====== RECORDS FOR PROCESSING ======

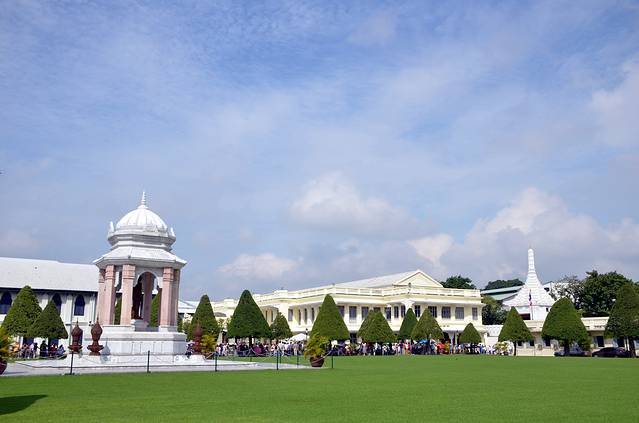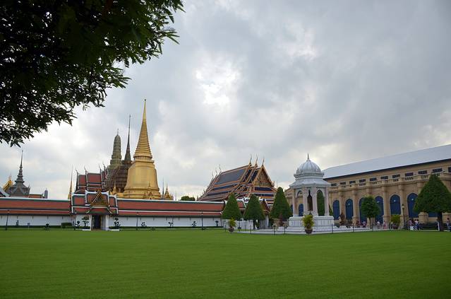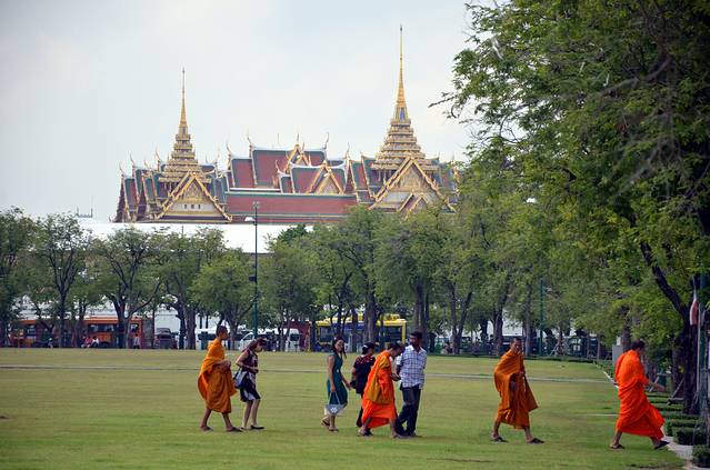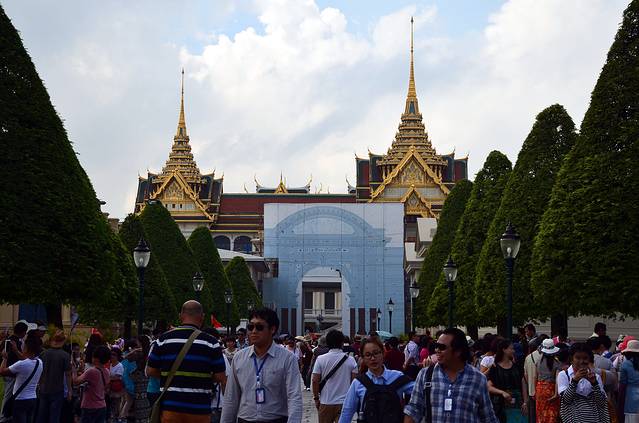曼谷大皇宫内一景,密集的人潮形成草地上的一条黑线
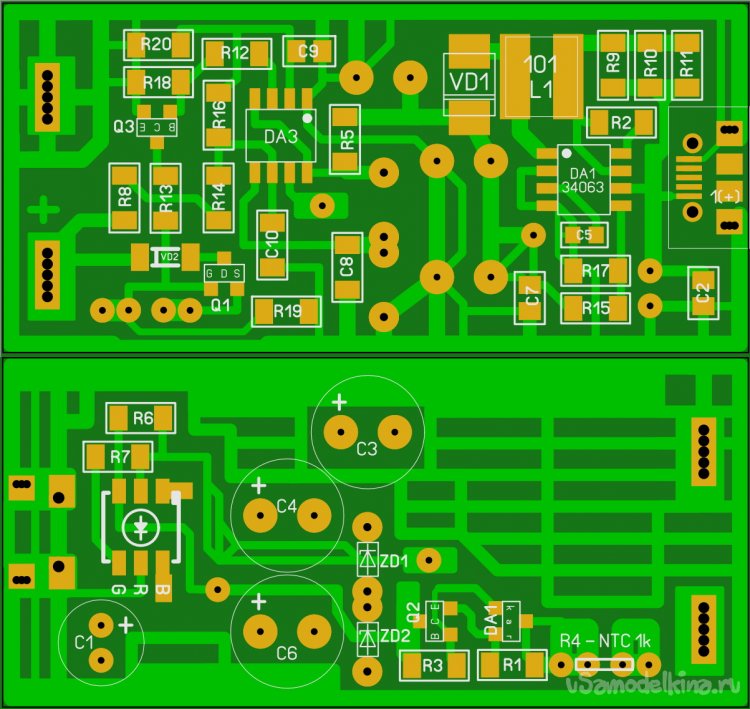 Обе стороны на изображении - НЕ зеркальные, а изображены так, как они будут выглядеть сверху на готовой печатке. Печатная плата в формате *.lay6 доступна для загрузки -
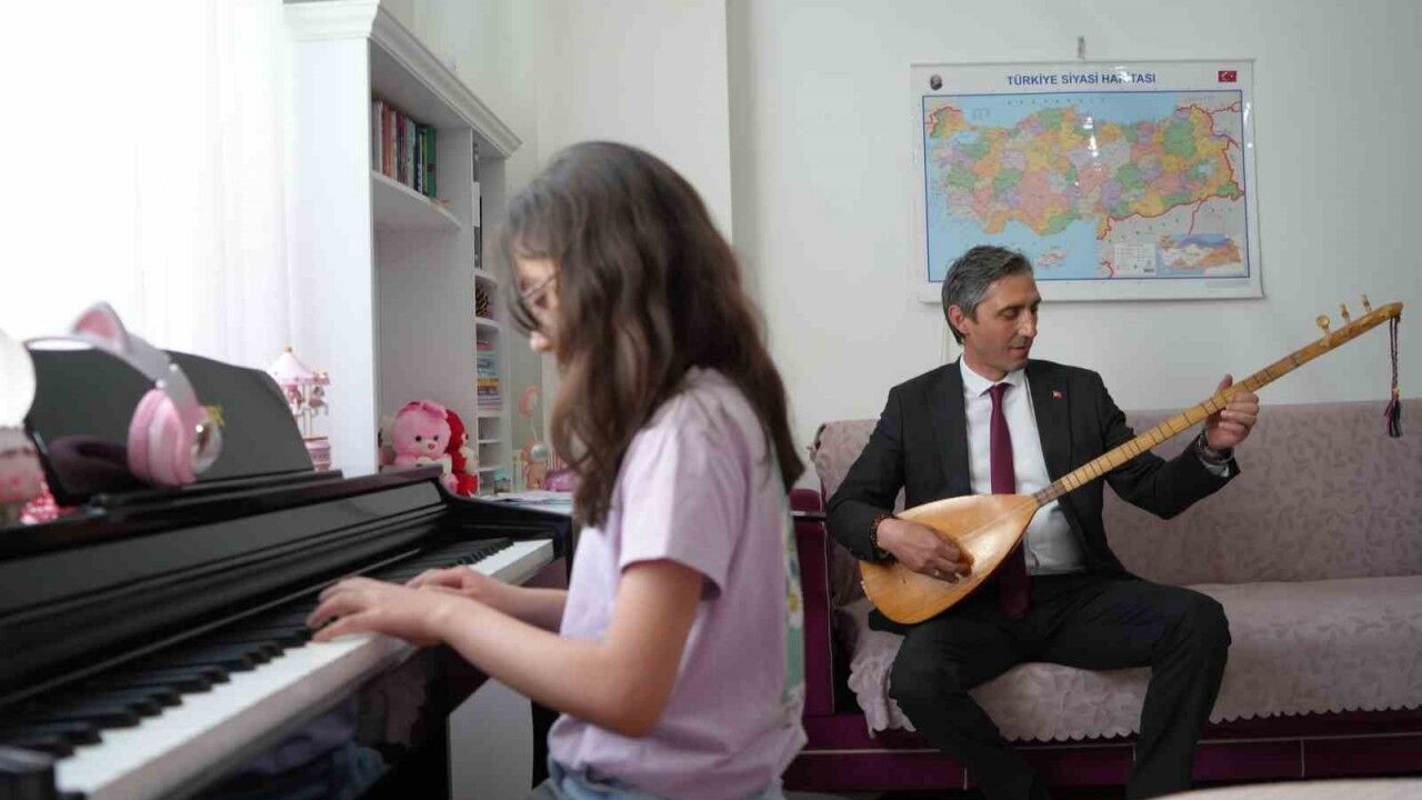 Bayburt’ta kalp rahatsızlığı nedeniyle evde öğrenim gören 10 yaşındaki Nursima Topsakal’a İl Milli Eğitim Müdürü Ömer Faruk Kahraman unutamayacağı bir sürpriz yaptı. Nursima’dan gelen isteği geri çevirmeyen Kahraman, evde ziyaretine geldiği minik Nursima’nın piyano resitaline bağlama çalarak eşlik etti.
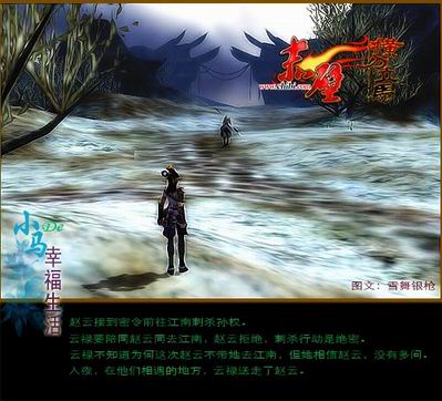 自玩家【猫猫】精心创作了《赤壁(专区 截图 官博)》画皮之后,众多玩家都纷纷用唯美的截图讲述了自己的游戏经历,玩家【雪舞银枪】便用这些精美的截图,讲述了一个玩家的游戏生活,更以此来恭祝各位玩家新年快乐!
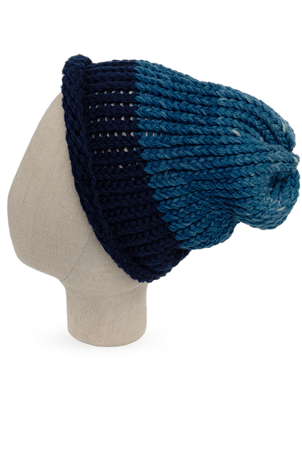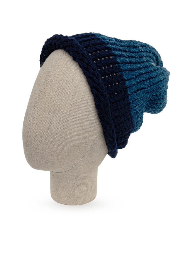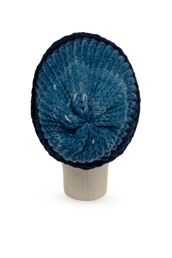- Двоколірна шапка великої в’язки з відворотом
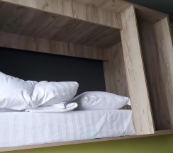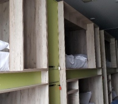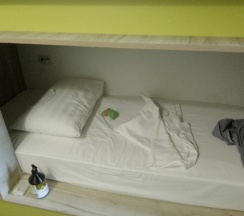 Хороший хостел, всё новое и качественное. Но есть несколько спорных моментов. Освещение в душе имеет датчик движения, и чтобы его включить после отключения - приходится ходить взад вперёд, просто махать руками не помогает. А ещё оно иногда глючит и мигает как страбоскоп. Я бы убрал этот датчик совсем. Кровати в шестиместных комнатах ограничены по длинне, да я помещаюсь, но в притык. Подушки слишком жёсткие.
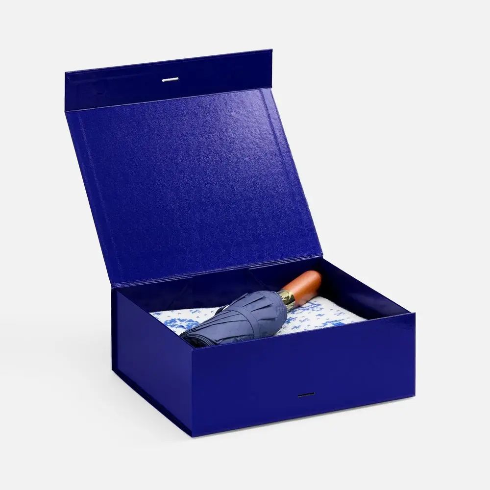 Коробка Silk с ложементом под ежедневник 15х21 см и ручку, ver.2, синяя
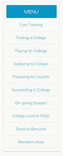 As you can see from the course menu above, this course includes 6 training sections: Core Training, Finding a College, Paying for College, Applying to College, Preparing for Launch, and Succeeding in College as well as a few bonuses.

======

### WHAT YOU NEED TO DO
A faithful copy of each entry is required, and no picture may be carried into it.

### ANSWER BOX
曼谷大皇宫内一景,密集的人潮形成草地上的一条黑线
 Обе стороны на изображении - НЕ зеркальные, а изображены так, как они будут выглядеть сверху на готовой печатке. Печатная плата в формате *.lay6 доступна для загрузки -
 Bayburt’ta kalp rahatsızlığı nedeniyle evde öğrenim gören 10 yaşındaki Nursima Topsakal’a İl Milli Eğitim Müdürü Ömer Faruk Kahraman unutamayacağı bir sürpriz yaptı. Nursima’dan gelen isteği geri çevirmeyen Kahraman, evde ziyaretine geldiği minik Nursima’nın piyano resitaline bağlama çalarak eşlik etti.
 自玩家【猫猫】精心创作了《赤壁(专区 截图 官博)》画皮之后,众多玩家都纷纷用唯美的截图讲述了自己的游戏经历,玩家【雪舞银枪】便用这些精美的截图,讲述了一个玩家的游戏生活,更以此来恭祝各位玩家新年快乐!
- Двоколірна шапка великої в’язки з відворотом
 Хороший хостел, всё новое и качественное. Но есть несколько спорных моментов. Освещение в душе имеет датчик движения, и чтобы его включить после отключения - приходится ходить взад вперёд, просто махать руками не помогает. А ещё оно иногда глючит и мигает как страбоскоп. Я бы убрал этот датчик совсем. Кровати в шестиместных комнатах ограничены по длинне, да я помещаюсь, но в притык. Подушки слишком жёсткие.
 Коробка Silk с ложементом под ежедневник 15х21 см и ручку, ver.2, синяя
 As you can see from the course menu above, this course includes 6 training sections: Core Training, Finding a College, Paying for College, Applying to College, Preparing for Launch, and Succeeding in College as well as a few bonuses.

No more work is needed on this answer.